Second, the Court finds that Defendants did not previously have a full opportunity to question Ms. Bromfield on her allegations of race discrimination. While Ms. Bromfield's reference in the Complaint to “a 17th century slave in America” (ECF No. 2 ¶ 19) arguably suggested race-based unequal treatment and Judge Carter noted that “therefore Defendants could have previously pursued discovery related to defending such a claim, ” Judge Carter recognized that this language was “not sufficient to state a cause of action based on racial discrimination.” (ECF No. 124 at 6). Now that Ms. Bromfield has filled out the parameters of her Race Claims, Defendants are on notice of the nature of her claims and in an informed position to question her about them.

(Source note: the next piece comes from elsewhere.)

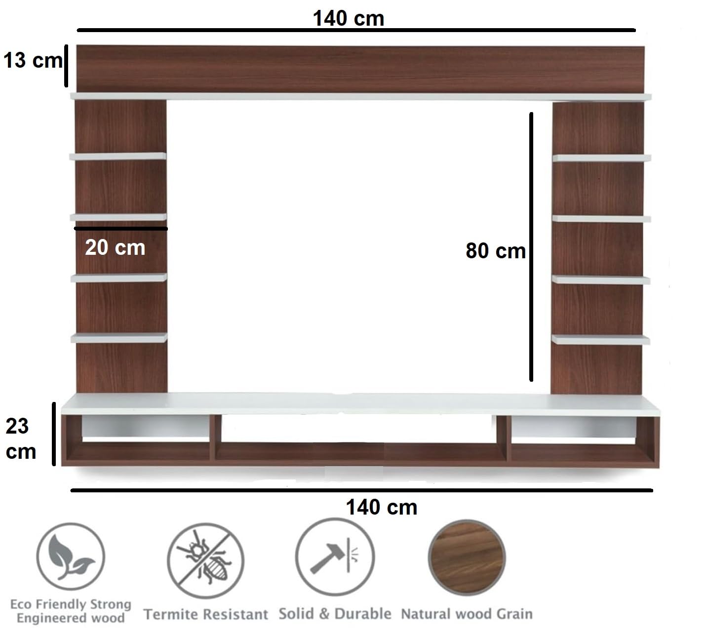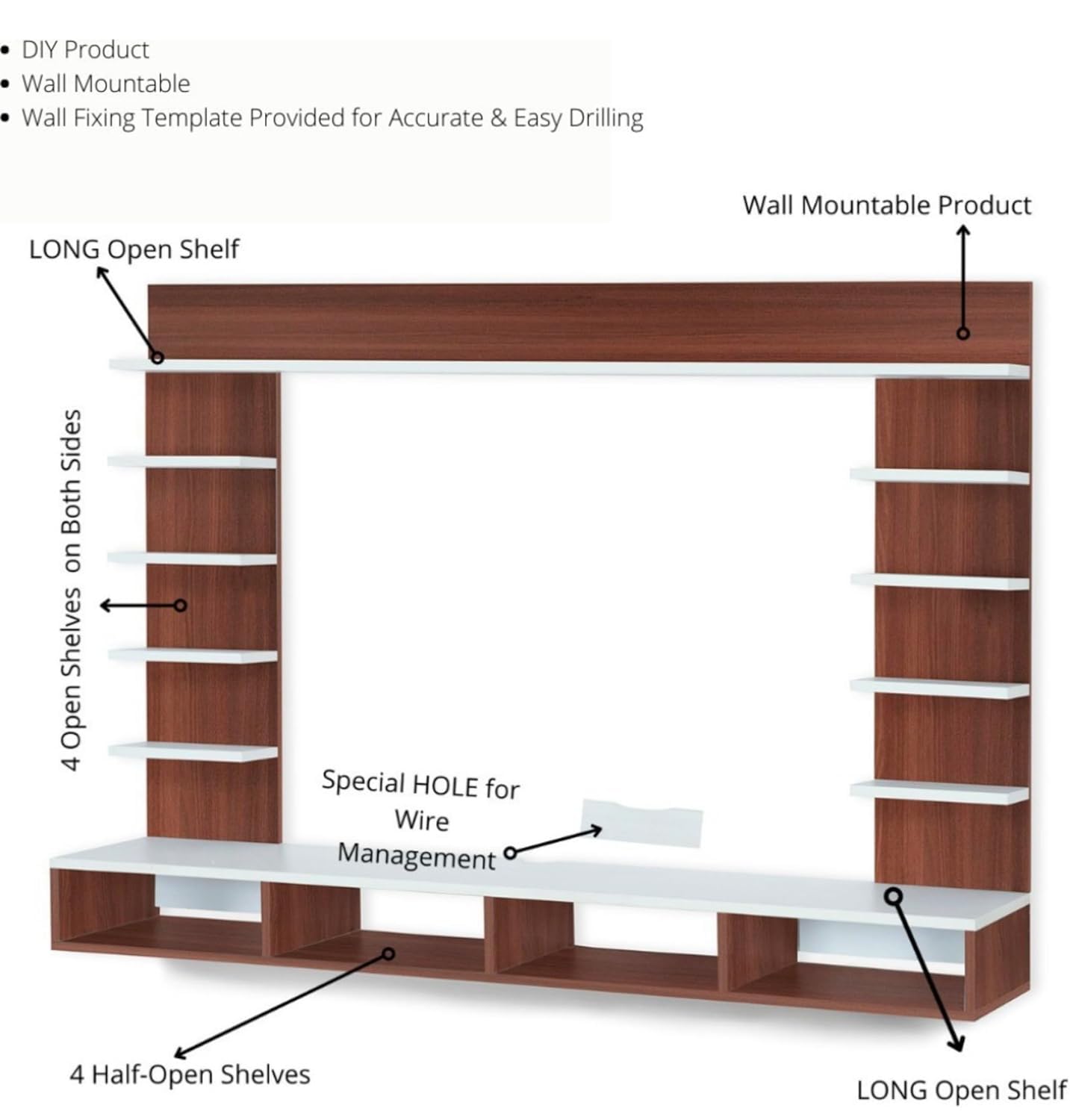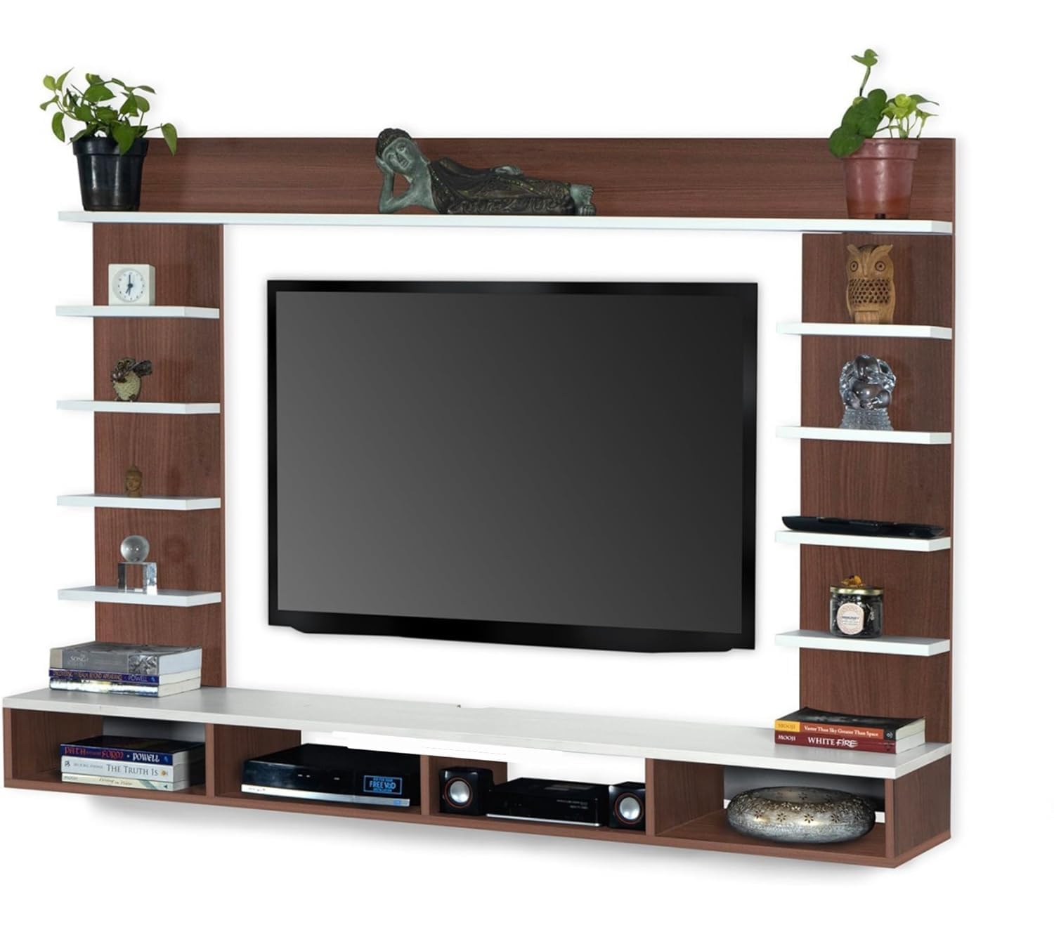 Wall Mount Engineered Wood TV Entertainment Unit is a sleek and modern solution for organizing your media space. Designed for contemporary living rooms, it includes a sturdy TV rack, set-top box stand, and complementary wall shelves that together create a clean and organized display. Crafted from high-quality engineered wood, this unit offers durability and long-lasting performance. The floating design not only saves space but also adds a touch of elegance to your wall. It is perfect for holding your television, remote controls, dΓ©cor items, and entertainment accessories, helping to keep your living area clutter-free and stylish. Ideal for modern homes, it blends functionality with visual appeal.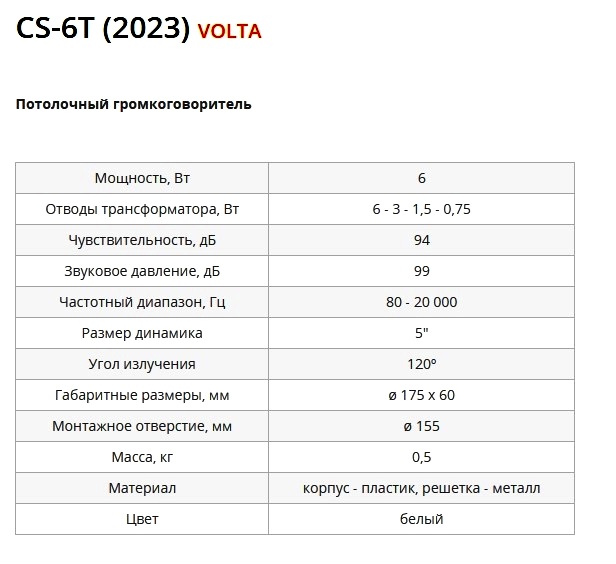 6/3/1,5/0,75 Вт; 100В; 99дБ; 80-20 000 Гц; Материал корпуса - пластик, решетка - металл, D175х60 мм; 0,5 кг

See Moreno-Godoy v. Gallet Dreyer & Berkey, LLP, No. 14 Civ. 7082 (PAE) (JCF), 2016 WL 5817063, at *2, 6 (S.D.N.Y. Oct. 4, 2016) (reopening plaintiff's deposition following amended complaint, even though it “merely streamlines the original complaint and 6 adds alternative claims[, ] [and] [b]oth complaints name the same defendants and allege the same substantive facts.”).
Finally, the Court finds that the burden to Ms. Bromfield of reopening her deposition does not outweigh its potential benefit, because it will “allow for a more fully developed factual record for trial” and can be conducted quickly because it will be limited in time and scope. Briceno, 2014 WL 12841438, at *2 (holding that one-hour reopened deposition on a limited topic minimized any burden to plaintiffs); Ganci, 2011 WL 4407461 at *2 (limiting reopened nonparty deposition to two hours and new information learned since the nonparty's first deposition).
Accordingly, the Court finds that Defendants have met their burden of showing that the factors under Rule 26(b)(2) have been met such that a limited reopening of Ms. Bromfield's deposition is warranted.
III. CONCLUSION
For the reasons set forth in this Order, the Court GRANTS Defendants' Request to re-open Ms. Bromfield's deposition for three hours limited to the Race Claims. The deposition shall be completed by Friday, December 10, 2021. The parties shall file a joint letter, no more than three pages in length total, certifying that discovery is complete, by Friday, December 17, 2021.
The Clerk of Court is respectfully directed to mail a copy of this Order to Ms. Bromfield at the address below.